§ EXERCISE
An exact, complete copy of the entries is needed, with the pictures left out.

§ MATERIAL PROVIDED
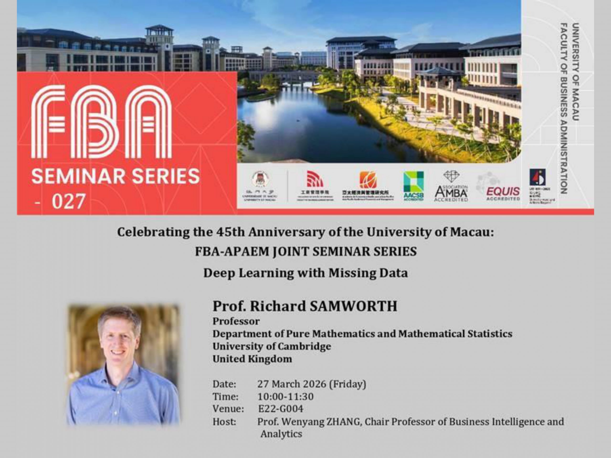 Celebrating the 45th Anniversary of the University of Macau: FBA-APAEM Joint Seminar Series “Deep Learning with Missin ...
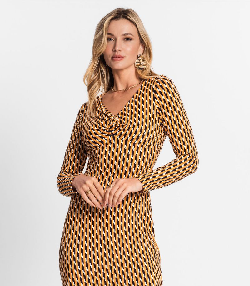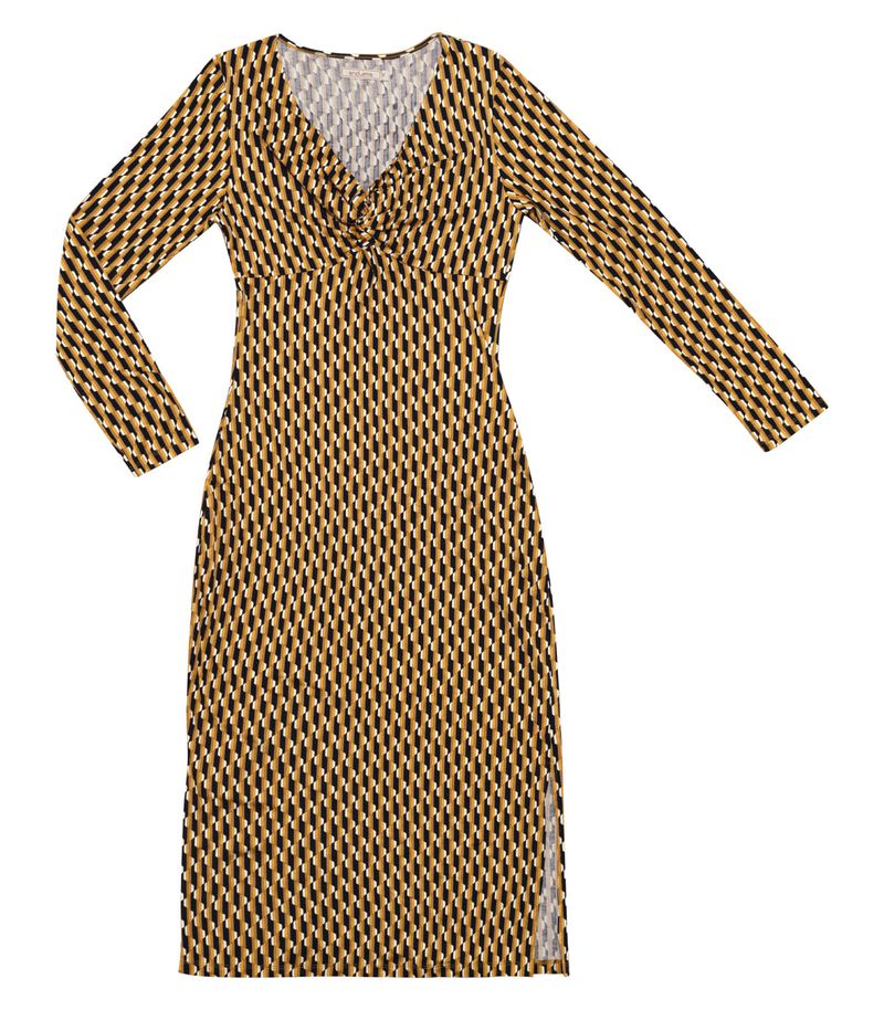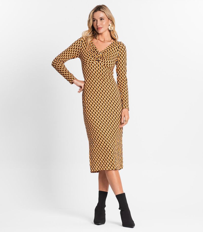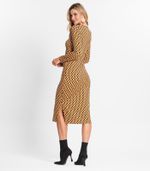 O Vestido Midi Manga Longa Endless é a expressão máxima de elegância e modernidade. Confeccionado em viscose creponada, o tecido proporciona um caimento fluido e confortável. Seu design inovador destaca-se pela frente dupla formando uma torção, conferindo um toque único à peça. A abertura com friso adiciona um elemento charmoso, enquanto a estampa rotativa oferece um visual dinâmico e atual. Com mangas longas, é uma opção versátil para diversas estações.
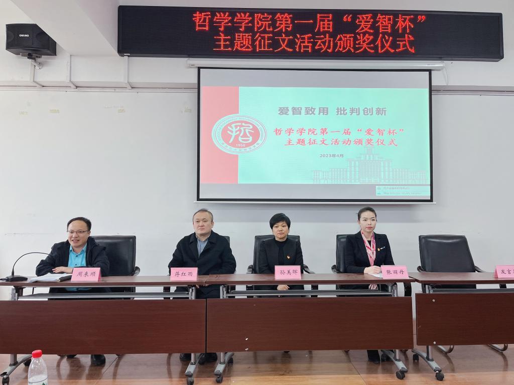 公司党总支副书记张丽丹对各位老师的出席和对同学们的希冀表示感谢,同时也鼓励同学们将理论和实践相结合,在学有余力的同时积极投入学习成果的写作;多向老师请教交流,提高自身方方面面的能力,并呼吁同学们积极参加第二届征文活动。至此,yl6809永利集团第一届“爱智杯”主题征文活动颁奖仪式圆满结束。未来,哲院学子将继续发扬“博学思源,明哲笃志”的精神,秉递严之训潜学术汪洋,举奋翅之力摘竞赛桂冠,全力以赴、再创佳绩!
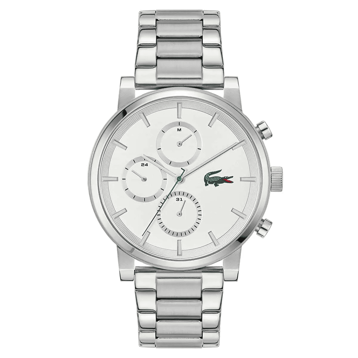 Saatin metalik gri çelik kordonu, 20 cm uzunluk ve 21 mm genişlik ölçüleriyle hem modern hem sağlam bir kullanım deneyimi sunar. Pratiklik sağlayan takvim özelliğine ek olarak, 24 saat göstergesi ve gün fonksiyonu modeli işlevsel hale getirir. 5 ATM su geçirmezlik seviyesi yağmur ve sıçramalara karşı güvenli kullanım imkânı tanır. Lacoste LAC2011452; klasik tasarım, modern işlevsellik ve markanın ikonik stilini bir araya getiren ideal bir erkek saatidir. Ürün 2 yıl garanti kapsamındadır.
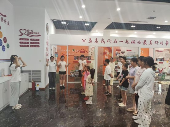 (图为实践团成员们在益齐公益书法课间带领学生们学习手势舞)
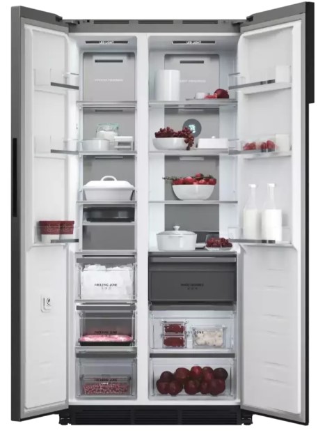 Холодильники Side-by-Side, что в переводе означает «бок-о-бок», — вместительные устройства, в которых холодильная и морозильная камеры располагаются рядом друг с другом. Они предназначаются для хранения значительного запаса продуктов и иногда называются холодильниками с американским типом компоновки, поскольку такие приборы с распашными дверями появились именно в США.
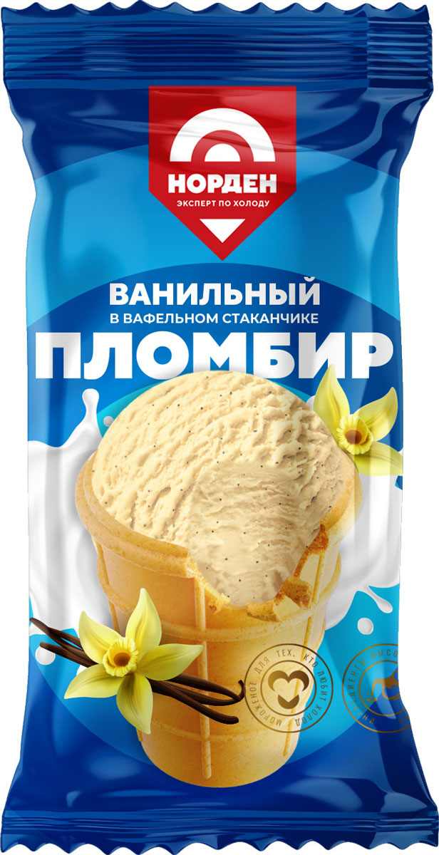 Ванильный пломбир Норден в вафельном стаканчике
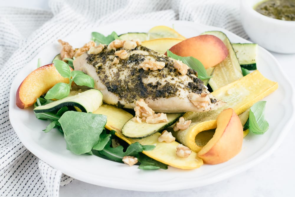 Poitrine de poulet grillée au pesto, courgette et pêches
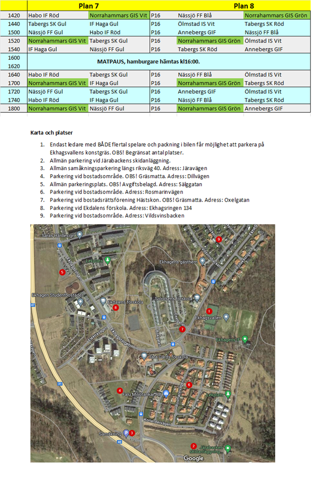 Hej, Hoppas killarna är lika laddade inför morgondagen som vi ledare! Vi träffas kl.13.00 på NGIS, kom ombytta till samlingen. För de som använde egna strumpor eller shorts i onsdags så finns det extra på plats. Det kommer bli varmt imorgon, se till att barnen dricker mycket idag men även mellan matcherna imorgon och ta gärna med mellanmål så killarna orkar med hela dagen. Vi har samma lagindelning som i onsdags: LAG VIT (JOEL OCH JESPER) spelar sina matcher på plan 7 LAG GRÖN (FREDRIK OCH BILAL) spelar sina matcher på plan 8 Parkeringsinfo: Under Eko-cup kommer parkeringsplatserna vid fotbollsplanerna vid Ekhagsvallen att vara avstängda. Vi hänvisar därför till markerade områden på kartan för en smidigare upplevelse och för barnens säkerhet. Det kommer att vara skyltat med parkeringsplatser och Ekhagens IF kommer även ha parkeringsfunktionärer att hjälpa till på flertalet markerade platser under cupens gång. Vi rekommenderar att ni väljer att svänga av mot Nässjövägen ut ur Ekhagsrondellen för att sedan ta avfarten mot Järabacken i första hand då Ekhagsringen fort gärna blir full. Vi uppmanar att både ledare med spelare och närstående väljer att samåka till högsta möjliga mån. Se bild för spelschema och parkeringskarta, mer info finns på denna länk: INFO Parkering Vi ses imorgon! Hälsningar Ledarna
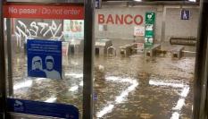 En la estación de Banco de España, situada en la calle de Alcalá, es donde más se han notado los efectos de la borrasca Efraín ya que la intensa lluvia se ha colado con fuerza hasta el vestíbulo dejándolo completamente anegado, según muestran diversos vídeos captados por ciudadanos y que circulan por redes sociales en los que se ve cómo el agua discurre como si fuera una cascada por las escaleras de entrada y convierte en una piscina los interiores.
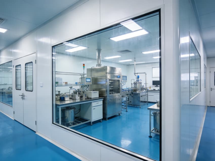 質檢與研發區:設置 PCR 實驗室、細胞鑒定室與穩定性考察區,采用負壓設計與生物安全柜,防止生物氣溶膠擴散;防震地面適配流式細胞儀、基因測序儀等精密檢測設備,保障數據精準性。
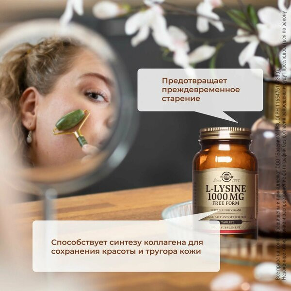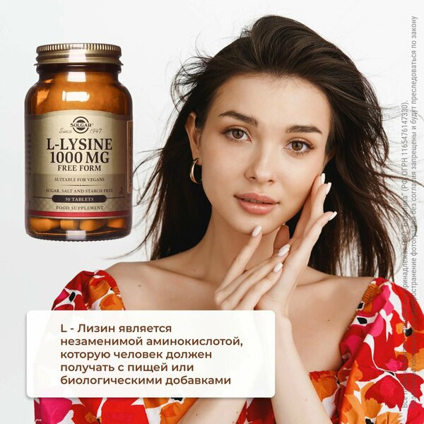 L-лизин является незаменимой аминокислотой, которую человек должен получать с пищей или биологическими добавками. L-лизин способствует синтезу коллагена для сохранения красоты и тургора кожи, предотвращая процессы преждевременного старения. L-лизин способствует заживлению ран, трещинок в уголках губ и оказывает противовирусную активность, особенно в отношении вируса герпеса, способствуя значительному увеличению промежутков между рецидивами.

§ EXERCISE ANSWER
 Celebrating the 45th Anniversary of the University of Macau: FBA-APAEM Joint Seminar Series “Deep Learning with Missin ...
 O Vestido Midi Manga Longa Endless é a expressão máxima de elegância e modernidade. Confeccionado em viscose creponada, o tecido proporciona um caimento fluido e confortável. Seu design inovador destaca-se pela frente dupla formando uma torção, conferindo um toque único à peça. A abertura com friso adiciona um elemento charmoso, enquanto a estampa rotativa oferece um visual dinâmico e atual. Com mangas longas, é uma opção versátil para diversas estações.
 公司党总支副书记张丽丹对各位老师的出席和对同学们的希冀表示感谢,同时也鼓励同学们将理论和实践相结合,在学有余力的同时积极投入学习成果的写作;多向老师请教交流,提高自身方方面面的能力,并呼吁同学们积极参加第二届征文活动。至此,yl6809永利集团第一届“爱智杯”主题征文活动颁奖仪式圆满结束。未来,哲院学子将继续发扬“博学思源,明哲笃志”的精神,秉递严之训潜学术汪洋,举奋翅之力摘竞赛桂冠,全力以赴、再创佳绩!
 Saatin metalik gri çelik kordonu, 20 cm uzunluk ve 21 mm genişlik ölçüleriyle hem modern hem sağlam bir kullanım deneyimi sunar. Pratiklik sağlayan takvim özelliğine ek olarak, 24 saat göstergesi ve gün fonksiyonu modeli işlevsel hale getirir. 5 ATM su geçirmezlik seviyesi yağmur ve sıçramalara karşı güvenli kullanım imkânı tanır. Lacoste LAC2011452; klasik tasarım, modern işlevsellik ve markanın ikonik stilini bir araya getiren ideal bir erkek saatidir. Ürün 2 yıl garanti kapsamındadır.
 (图为实践团成员们在益齐公益书法课间带领学生们学习手势舞)
 Холодильники Side-by-Side, что в переводе означает «бок-о-бок», — вместительные устройства, в которых холодильная и морозильная камеры располагаются рядом друг с другом. Они предназначаются для хранения значительного запаса продуктов и иногда называются холодильниками с американским типом компоновки, поскольку такие приборы с распашными дверями появились именно в США.
 Ванильный пломбир Норден в вафельном стаканчике
 Poitrine de poulet grillée au pesto, courgette et pêches
 Hej, Hoppas killarna är lika laddade inför morgondagen som vi ledare! Vi träffas kl.13.00 på NGIS, kom ombytta till samlingen. För de som använde egna strumpor eller shorts i onsdags så finns det extra på plats. Det kommer bli varmt imorgon, se till att barnen dricker mycket idag men även mellan matcherna imorgon och ta gärna med mellanmål så killarna orkar med hela dagen. Vi har samma lagindelning som i onsdags: LAG VIT (JOEL OCH JESPER) spelar sina matcher på plan 7 LAG GRÖN (FREDRIK OCH BILAL) spelar sina matcher på plan 8 Parkeringsinfo: Under Eko-cup kommer parkeringsplatserna vid fotbollsplanerna vid Ekhagsvallen att vara avstängda. Vi hänvisar därför till markerade områden på kartan för en smidigare upplevelse och för barnens säkerhet. Det kommer att vara skyltat med parkeringsplatser och Ekhagens IF kommer även ha parkeringsfunktionärer att hjälpa till på flertalet markerade platser under cupens gång. Vi rekommenderar att ni väljer att svänga av mot Nässjövägen ut ur Ekhagsrondellen för att sedan ta avfarten mot Järabacken i första hand då Ekhagsringen fort gärna blir full. Vi uppmanar att både ledare med spelare och närstående väljer att samåka till högsta möjliga mån. Se bild för spelschema och parkeringskarta, mer info finns på denna länk: INFO Parkering Vi ses imorgon! Hälsningar Ledarna
 En la estación de Banco de España, situada en la calle de Alcalá, es donde más se han notado los efectos de la borrasca Efraín ya que la intensa lluvia se ha colado con fuerza hasta el vestíbulo dejándolo completamente anegado, según muestran diversos vídeos captados por ciudadanos y que circulan por redes sociales en los que se ve cómo el agua discurre como si fuera una cascada por las escaleras de entrada y convierte en una piscina los interiores.
 質檢與研發區:設置 PCR 實驗室、細胞鑒定室與穩定性考察區,采用負壓設計與生物安全柜,防止生物氣溶膠擴散;防震地面適配流式細胞儀、基因測序儀等精密檢測設備,保障數據精準性。
 L-лизин является незаменимой аминокислотой, которую человек должен получать с пищей или биологическими добавками. L-лизин способствует синтезу коллагена для сохранения красоты и тургора кожи, предотвращая процессы преждевременного старения. L-лизин способствует заживлению ран, трещинок в уголках губ и оказывает противовирусную активность, особенно в отношении вируса герпеса, способствуя значительному увеличению промежутков между рецидивами.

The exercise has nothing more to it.